With all that said, Suzuki’s hitting talents are less interesting than those of Flowers, and as a result, there’s somewhat less room for the projections to maneuver and differentiate themselves. Suzuki is probably going to put up a wRC+ in the high 70s/low 80s, though looking at his past seasons that’s really a central estimate, since his wRC+s for the past three years have been 106, 65, and 86. He’s probably not going to suddenly get very good defensive marks. He’s basically a lower-tier backup catcher at this point, but the Braves are paying him $1.5 million to subject himself to the punishment of catching a knuckleball every five days, so expectations probably weren’t very high to begin with.
Anthony Recker
Anthony Recker may not catch a single pitch as an Atlanta Brave this year. But, that doesn’t mean he’s not worth a few sentences. Recker is a career 77 wRC+ hitter over about 600 major league PAs, but he’s played parts of six seasons in the majors. He’s also played parts of seven seasons at AAA, and has generally hit well there, so he’s basically your AAAA backup catcher.
The projections for him are kind of interesting in the, “Who knows what happens when there’s not much data to go on” way.
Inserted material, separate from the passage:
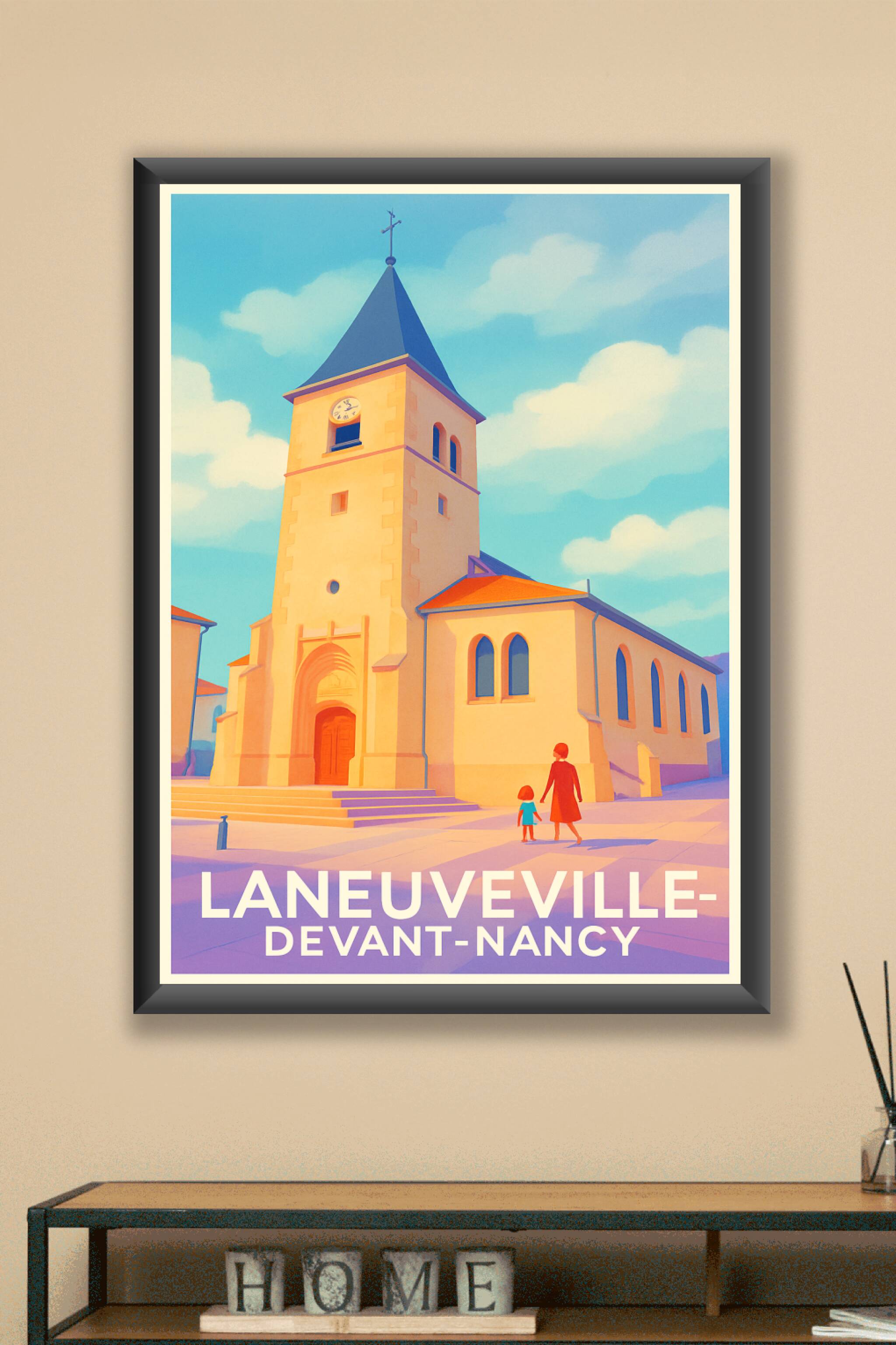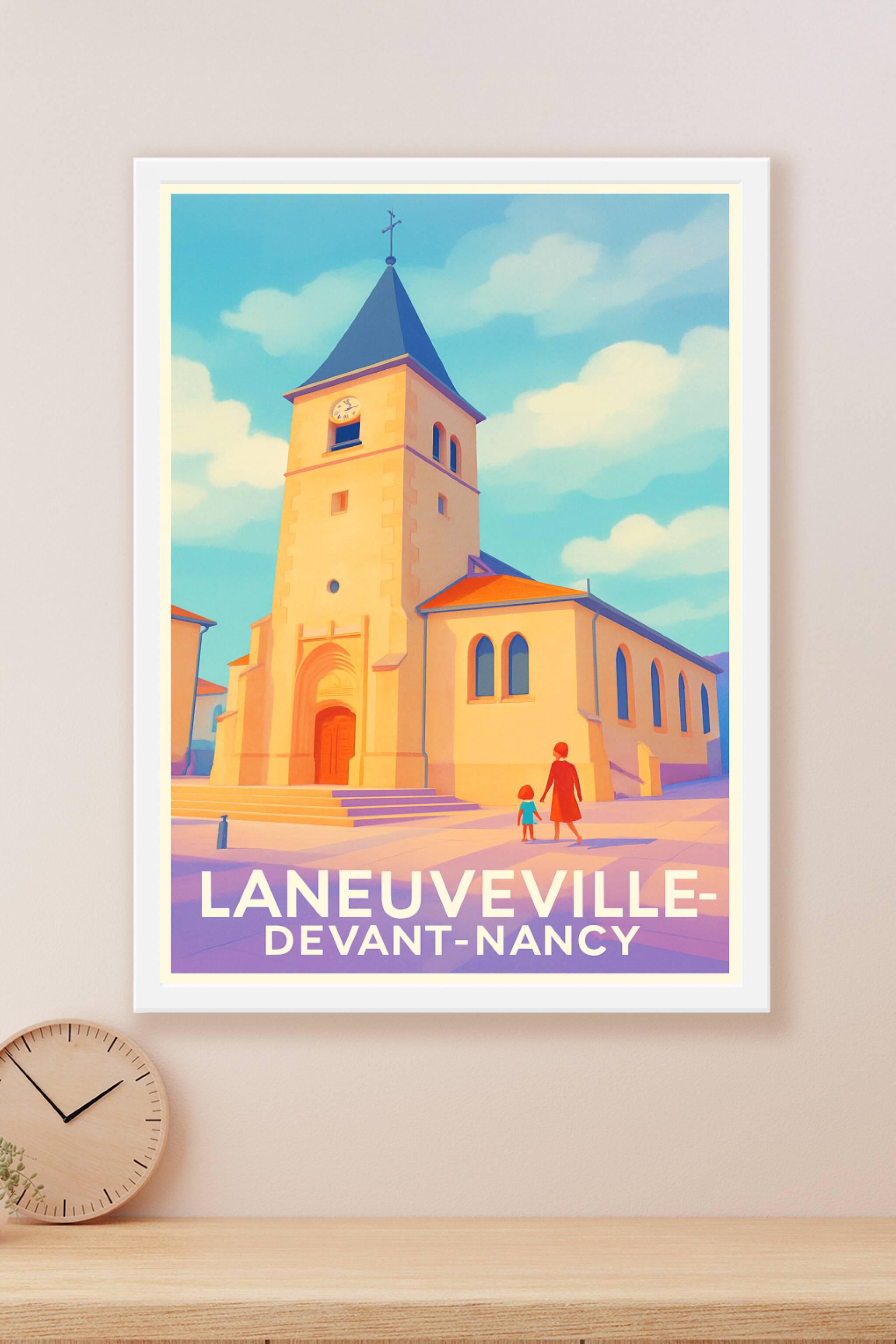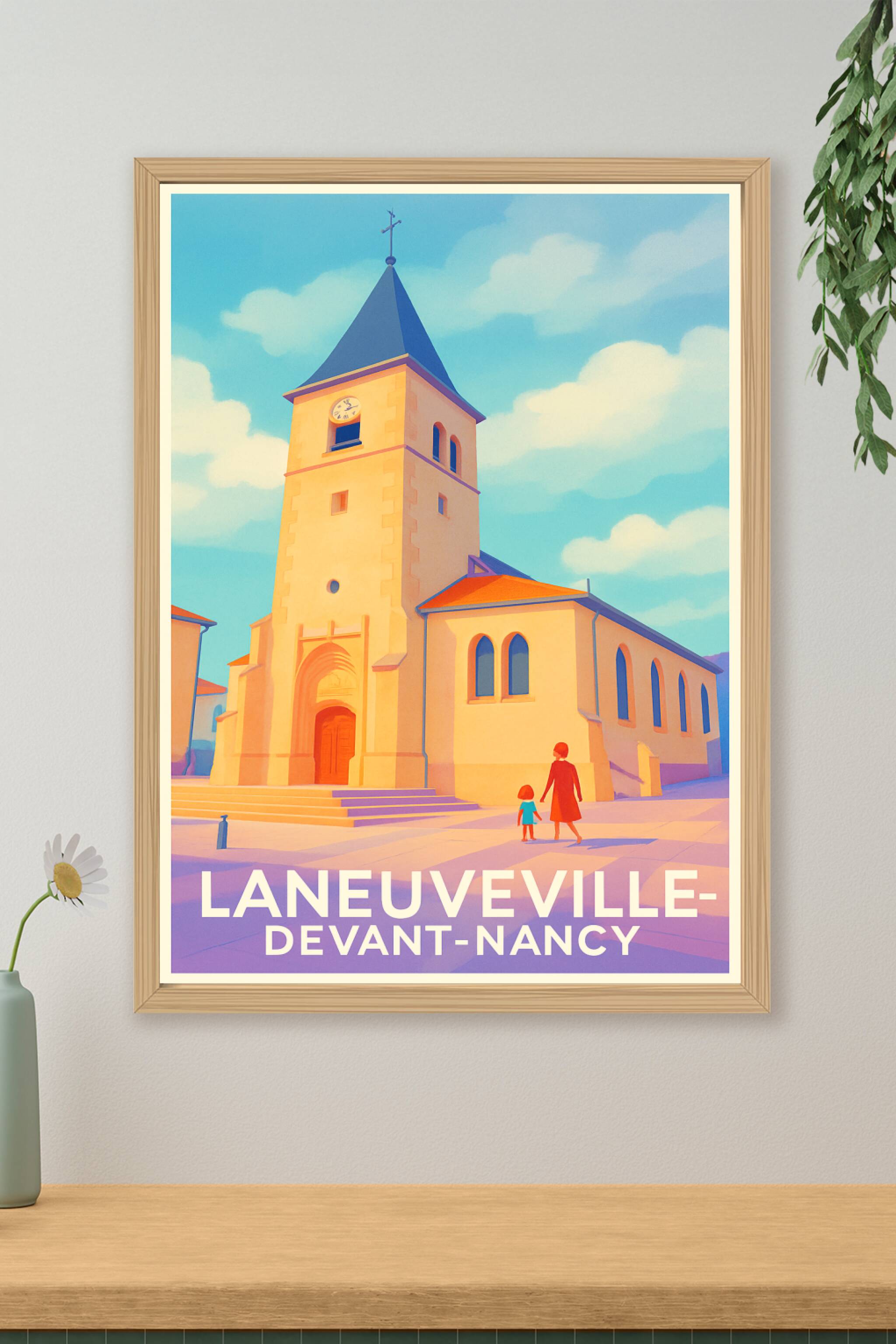 Découvrez le charme paisible de Laneuveville-devant-Nancy à travers cette affiche illustrée mettant en scène son église emblématique sous un ciel b...

Steamer appears to have him as a pretty decent backup, and not just a replacement level four-A player, by combining his poor hitting with some potentially decent defense. (The potentially decent defense is a central assumption, I’d guess, from the fact that he doesn’t have much major league playing time.) ZiPS agrees with Steamer’s hitting conclusion, but heavily penalizes his defense, dropping him to that four-A tier. And IWAG, well...
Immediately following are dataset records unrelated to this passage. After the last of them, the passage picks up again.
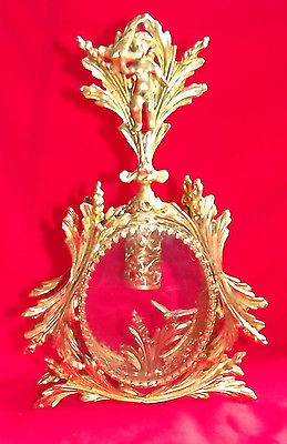 Antique / Vintage Gold Ormolu Perfume Bottle~Stylebuilt or Matson ~cherub topper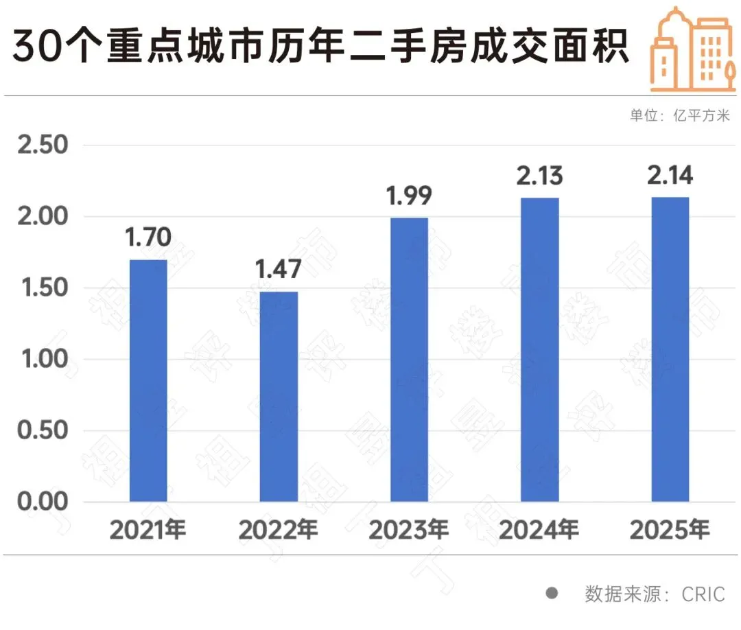 2025年重点城市二手房市场的表现非常出色,30城成交总量2.14亿平方米,创2021年至今新高。2021年新房市场达到历年成交规模最高点的时候,30城二手房成交总量仅1.7亿平方米。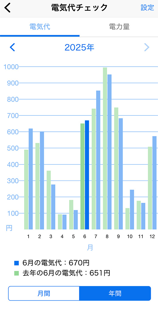 従来の電気代や電力量の月別表示に加え、新たに日別表示にも対応※4しました。また、日別の電気代や電力量の推移や前年同月との比較も可能になり、節電状況の可視化で日々の節電をサポートします。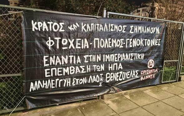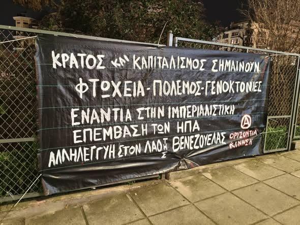 Ως ελάχιστη ένδειξη αλληλεγγύης στην εργατική τάξη και τους λαούς της Βενεζουέλας, τοποθετήσαμε δύο πανό σε κεντρικά σημεία της πόλης.

IWAG is perhaps foolhardily giving him credit for hitting the ball really hard in his 112 PAs last year, combined with a strong AAA track record. Maybe giving a 33-year-old catcher a projection boost for beating up on guys in their early-to-mid twenties in AAA is a mistake that needs to be rectified, but Recker also walks a fair bit and reined in his strikeouts last year. The 90s wRC+ is probably very optimistic, but taking poor defensive projections into account, and you have basically a backup catcher, which is again, what he is.
The Braves may have some exciting, above-league average catchers some day, but it probably won’t be 2017.
Next up: Freddie Freeman and the Gang, aka, Infielders
Bonus: Pitch Framing
While not included in fWAR or Def, pitch framing is still useful. Here are the 2014, 2015, and 2016 pitch framing numbers for the three prospective Braves catchers.
Courtesy of Statcorner:
- Tyler Flowers, calls per game: -0.34, +1.79, +1.30
- Tyler Flowers, Framing Runs Above Average: -5.6, +22.5, +13.3
- Conclusion: Tyler Flowers might be about 1 win more valuable based on his framing. That would potentially make him an average-y catcher!
- Kurt Suzuki, calls per game: -1.43, -0.07, -0.40
- Kurt Suzuki, Framing Runs Above Average: -19.8, -1.1, -5.0
- Conclusion: Kurt Suzuki might be slightly under 1 win less valuable based on his framing. If so, that makes him replacement level-y. Eh.
- Anthony Recker, calls per game: -1.95, -1.16, -1.81
- Anthony Recker, Framing Runs Above Average: -11.8, -3.1, -6.4
- Conclusion: Anthony Recker might be slightly under 1 win less valuable based on his framing. If so, that makes him replacement level-y or worse. Eh.